A three-armed randomized pilot trial will be conducted with 51 women having stress urinary incontinence, to evaluate the acceptance and ease of use of the conventional electromyography (EMG) biofeedback via vaginal probe in the treatment of urinary incontinence and that of the newly developed EMG biofeedback with Bluetooth. Women will be randomly allocated to one of two intervention groups (new biofeedback or conventional biofeedback) or the control group (PFMT alone). Women in the intervention groups will perform PFMT either with the new biofeedback or the conventional biofeedback, based on their group allocation. The control group will perform PFMT without a biofeedback device. Study outcome measures include, feasibility measures, International Consultation on Incontinence Questionnaire, and 1-hour pad test.

Detailed Description

Objectives: (1) to compare the acceptance and ease of use of the conventional electromyography (EMG) biofeedback via vaginal probe in the treatment of urinary incontinence and that of the newly developed EMG biofeedback with Bluetooth; (2) to investigate the effects of conventional biofeedback, the new biofeedback, and pelvic floor muscle training (PFMT) alone on urinary incontinence and adherence to PFMT.
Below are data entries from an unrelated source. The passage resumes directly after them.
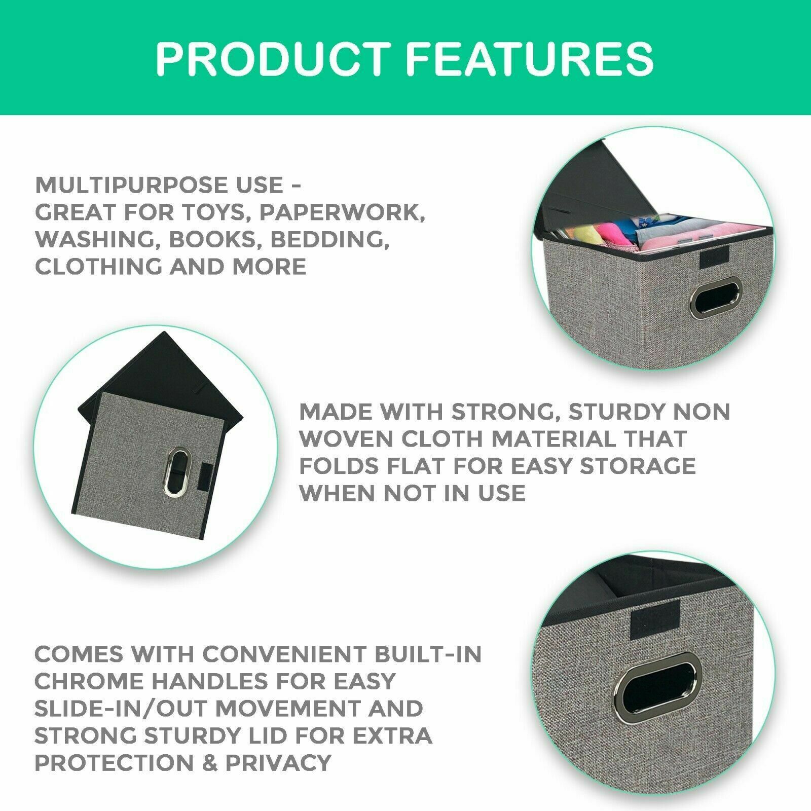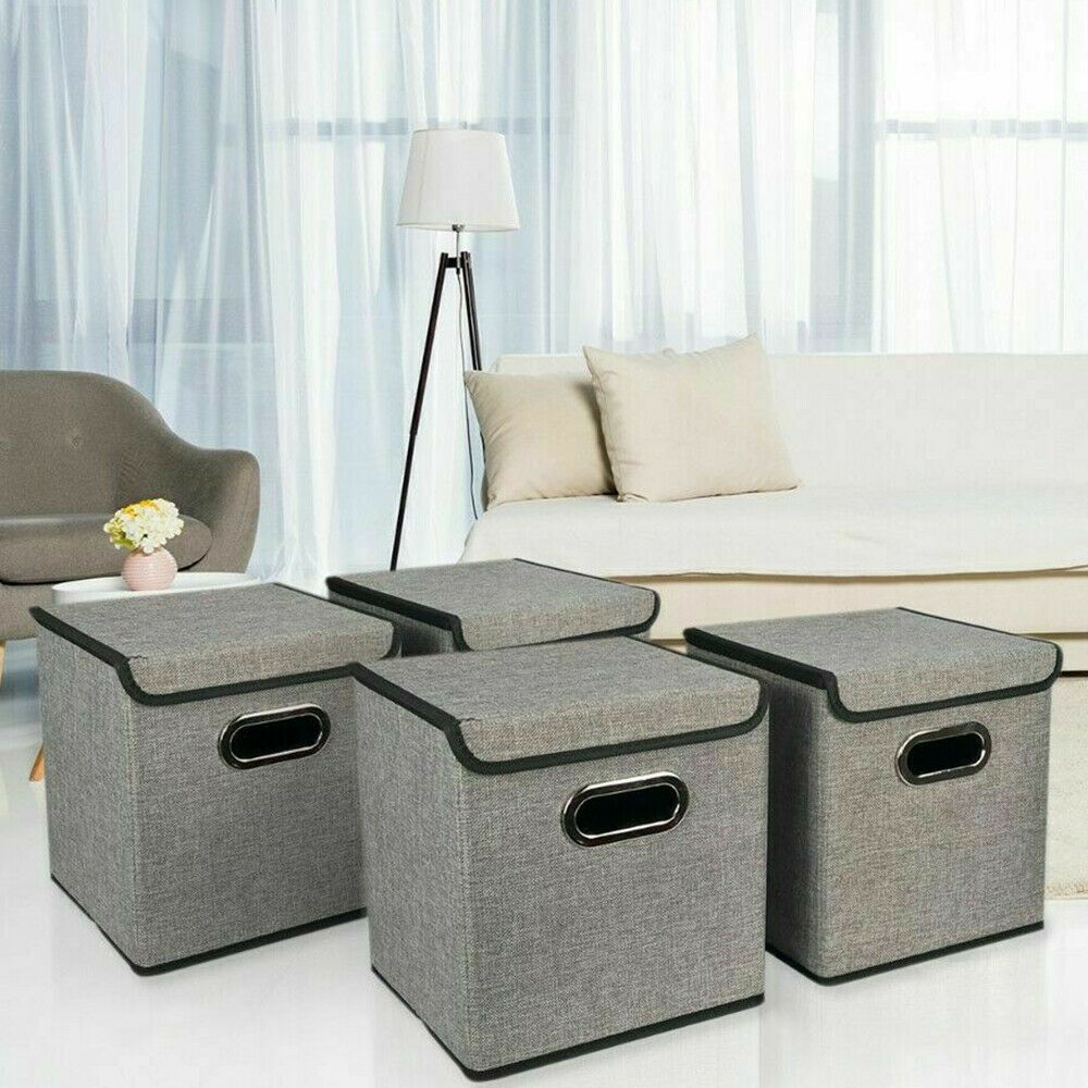 4PCS Foldable Storage Boxes with Lids Fabric Cube Clothes Organiser Storage Case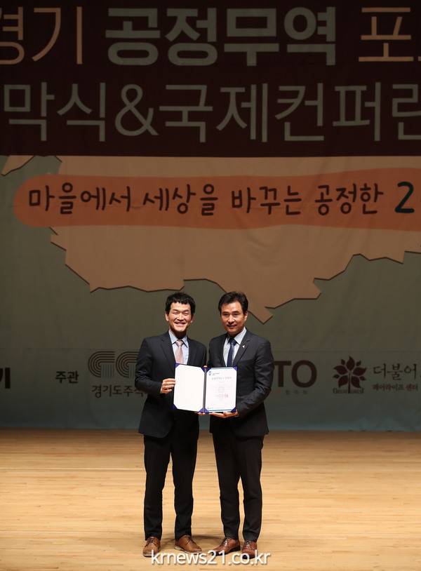 시는 29일 동탄 복합문화센터에서 개최된 ‘2018 경기 공정무역 국제 컨퍼런스 개막식’에서 국제 공정무역 마을위원회로부터 공식 인증을 획득하고 인증서와 현판을 전달받았다.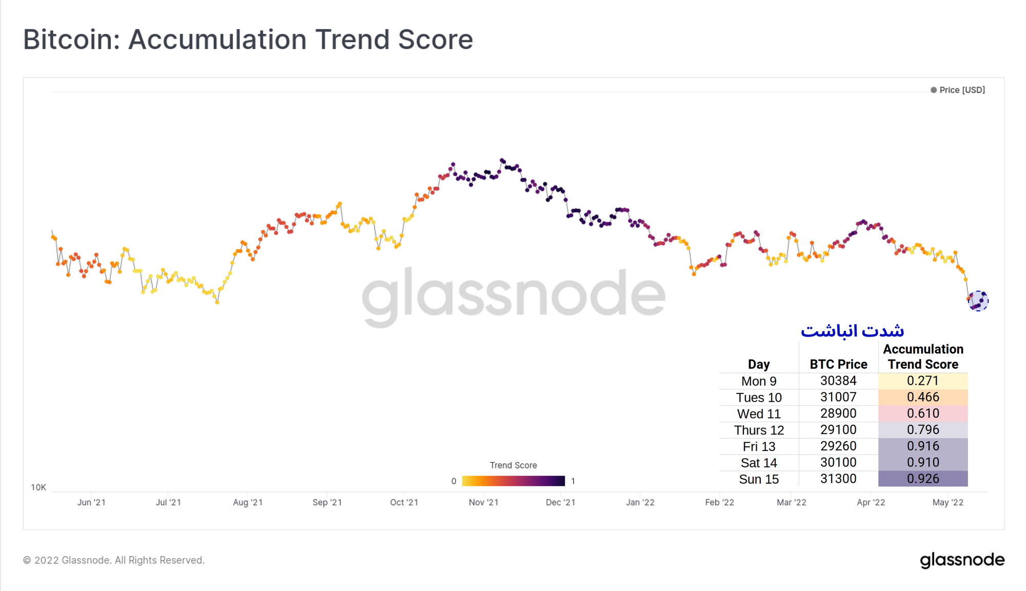 زمانی که بازار در ۱۲ می روز پنجشنبه در پایینترین قیمت قرار داشت؛ شدت روند انباشت از عدد ۰.۳ به ۰.۷۹۶ رسید. در این ناحیه بازار به قیمت، حمایت نشان داد تا بتواند به قیمت ۳۰ هزار دلار برسد. در روزهای بعد، شدت انباشت به میزان ۰.۹ باقی ماند؛ این مقدار به این معناست که در این ناحیه خرید سنگینی انجام شده است.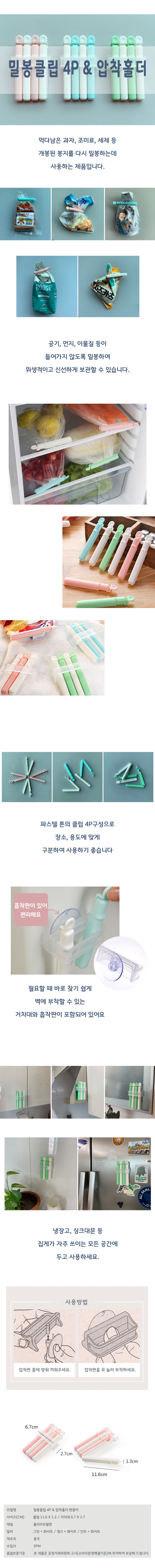 밀봉집게 봉지클립 봉지집게 흡착식거치대포함

Hypotheses: (1) The new biofeedback will be easier to use and women will more readily accept it than the conventional biofeedback. (2) Women assigned to the new biofeedback group will report better adherence to PFMT and greater improvements in urinary incontinence than women assigned to participate in the conventional biofeedback group.

Design and subjects: A three-armed randomized pilot trial will be conducted with 51 women who have stress urinary incontinence.

Interventions: Women will be randomly allocated to one of two intervention groups (new biofeedback or conventional biofeedback) or the control group (PFMT alone). Women in the intervention groups will perform PFMT either with the new biofeedback or the conventional biofeedback, based on their group allocation. The control group will perform PFMT without a biofeedback device.

Outcome measures: Feasibility measures, International Consultation on Incontinence Questionnaire, and 1-hour pad test.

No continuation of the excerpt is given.